Wild Hope: Stories for Lent from the Vanishing by Gayle Boss, Illustrated by David G. Klein
During Advent this last year, I followed Gayle Boss’ devotional, All Creation Waits: The Advent Mystery of New Beginnings. I was so moved by this devotional that it took no time at all to decide to see if Boss had any other works for devotional use.
Wild Hope: Stories for Lent from the Vanishing immediately grabbed my attention.
Boss begins the devotional with an introduction that answers the question, why should we listen to the stories of the vanishing animals of creation during the Lenten season? Why not just study Scripture more, revisit Jesus’ time in the wilderness, and cut chocolate out of our diets?
“The [Lenten] season means to rouse us from our self-absorption,” writes Boss. If you’ve ever attended an Ash Wednesday service, you’ve experienced the swift reminder of your own mortality as the priest or pastor smears an ashen cross on your forehead.
Nothing cuts to the heart of self-absorption like the realization your self is not long for this earth. Thus begins the season of Lent—you are dust, and to dust you are going to return.
Boss continues, “The purpose of Lent has always been to startle us awake to the true state of our hearts and the world we’ve made. Which wakes an aching, wild hope that something new might be born of the ruin.”
The stories in Wild Hope illuminate the lives of the other beings we’re traveling with on our bright planet. Each of the animals stands up, like Peter, to tell humankind, “No, we’re not drunk. Look at where we’ve been over the last hundred years. Look where we are now. Here is the reality! This is the good gift of creation God has given you, and you are killing it.”

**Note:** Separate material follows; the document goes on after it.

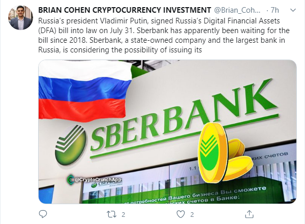Solo unos días antes, se ratificó una nueva legislación que regula los activos financieros digitales en la Federación de Rusia. El presidente Vladimir Putin firmó una ley que permitirá el negocio cripto regulado a partir de 2021.
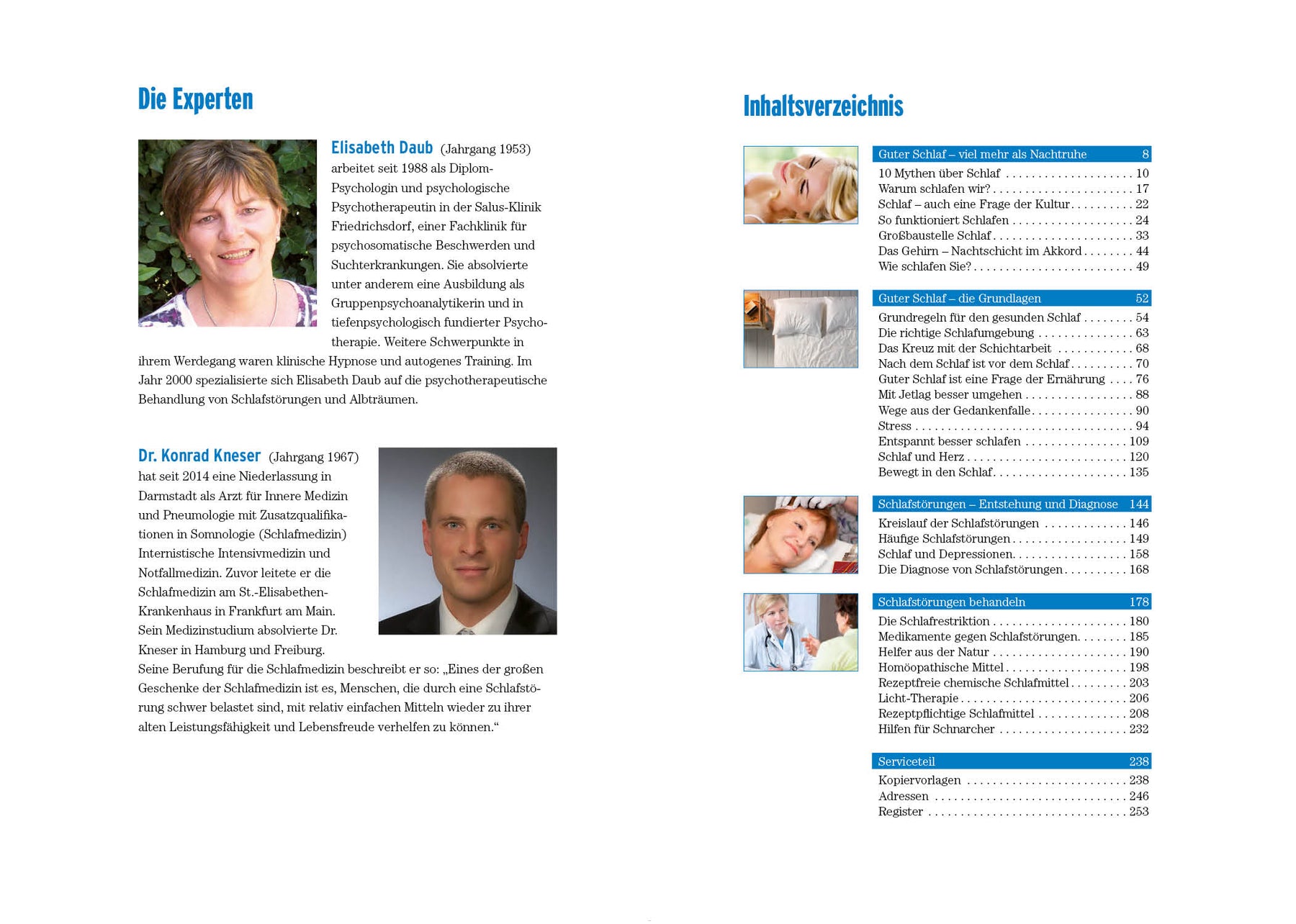 Unterstützt durch das Fachwissen zweier anerkannter Schlafexperten – Dr. Konrad Kneser (Schlafmediziner) und Elisabeth Daub (Psychotherapeutin) – liefert dieses Buch verlässliche Informationen über natürliche Methoden ebenso wie über schulmedizinische Behandlungswege.

They are testimonies that cut to the heart. They are testimonies that demand a verdict. They are testimonies that open our eyes.
And once we have seen, we cannot unsee.
“For the past century, whole species have been disappearing a hundred times faster, by conservative estimates, than in the past, because the choices about shelter, food, transportation, communication, and leisure that we humans make every day are pounding the planet. We are laying waste the animals’ only home. Which is the only home of human animals too,” Boss writes.
Conviction and preparation are hard and painful processes. Christianity, though, has never been a stranger to suffering. Suffering is part of the Way of Christ. Not for suffering’s sake, no. For the sake of the wild hope on the other side, which is resurrection and new life. There is birth. There is death. And then there is rebirth. That is what we have to hope for, the wild hope of resurrection, even in the midst of all this suffering.
Wild Hope offers the stories of four different animals each week that are vanishing from our planet as we speak. These particular testimonies provide deeper insight into the reality of our world. They illuminate our actions and challenge us to live with a greater purpose and vision for the heart of God in our daily choices and in our communities.
“The promise of Lent is that something will be born of the ruin, something so astoundingly better than the present moment that we cannot imagine it,” writes Boss. “Lent is seeded with resurrection.”
As followers of Jesus, we are a people of resurrection life. That resurrection life is for all God’s creatures. Lean into the Lenten season prepared to be cut to the heart, and on resurrection Sunday, rejoice that God is in the business of healing, redeeming, and restoring broken hearts, inviting sojourners like us along for the joyous, wild ride.